Ensaio sobre a solidão
Olho pela janela semiaberta. Não é inverno, mas o frio fora de época castiga, e o vento, impune, congela cada extremidade do meu corpo. É noite, quase madrugada. A lua está bonita, mas imponente demais pra quem não tem com quem se esquentar. A cidade, que sempre pareceu distante, hoje se faz presente em todo e qualquer feixe de luz que invade o quarto e ilumina a cama. Vazia.
Aonde está você agora além de aqui, dentro de mim?

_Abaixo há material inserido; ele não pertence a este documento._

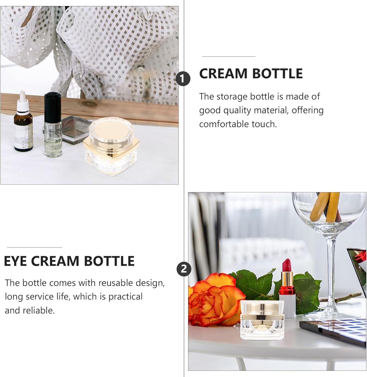 - Flat lids and straight edges make these lids easy to use and stack. The bottle can your cosmetics from direct sunlight.

Renato Russo nunca me representou, mas hoje me traduz. Dentro de mim, ainda há você. Ainda há cada pedaço de você. Cada fio de cabelo seu que estampa como arte abstrata os meus lençóis claros. Cada mordida sua que desenhou em mim o mapa do que já foi o seu território. Cada nota do seu perfume barato que impregna meu travesseiro. Seu sorriso meio torto a cada vez que eu esquecia a porta destrancada à noite. Sua complacência a cada vez que eu esquecia o feijão no fogo. Sua decepção a cada vez que eu me esquecia de você, depois de algumas doses nalguma noitada dalgum bar dessa cidade.

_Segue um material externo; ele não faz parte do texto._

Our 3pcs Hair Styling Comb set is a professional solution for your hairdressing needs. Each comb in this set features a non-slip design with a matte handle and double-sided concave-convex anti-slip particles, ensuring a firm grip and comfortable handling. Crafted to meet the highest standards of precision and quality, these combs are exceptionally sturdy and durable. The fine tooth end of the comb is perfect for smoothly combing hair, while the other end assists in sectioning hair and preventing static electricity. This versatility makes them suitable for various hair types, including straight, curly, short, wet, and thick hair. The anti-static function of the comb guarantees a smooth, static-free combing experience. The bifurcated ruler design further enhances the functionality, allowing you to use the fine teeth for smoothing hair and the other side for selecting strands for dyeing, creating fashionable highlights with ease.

Eu, que sempre fui mestre na arte do esquecimento, hoje voltei a ser aprendiz. Tento, mas não dá. O que é tentar esquecer senão lembrar?, divago eu, absorta em cigarro, uísque com gelo e lembranças. Do que, talvez, não volte nunca mais. E isso é o que mais fere: o talvez. A incerteza. A iminência. A possibilidade. Porque é na esperança de um talvez que a gente perde o humor, a dignidade, a festa no sábado à noite e as pontas das unhas – sempre elas, pobrezinhas. É nessas horas que a gente percebe que o “não” é mais solidário do que um “talvez”. E que a repulsa é, de longe, menos nociva do que a indiferença.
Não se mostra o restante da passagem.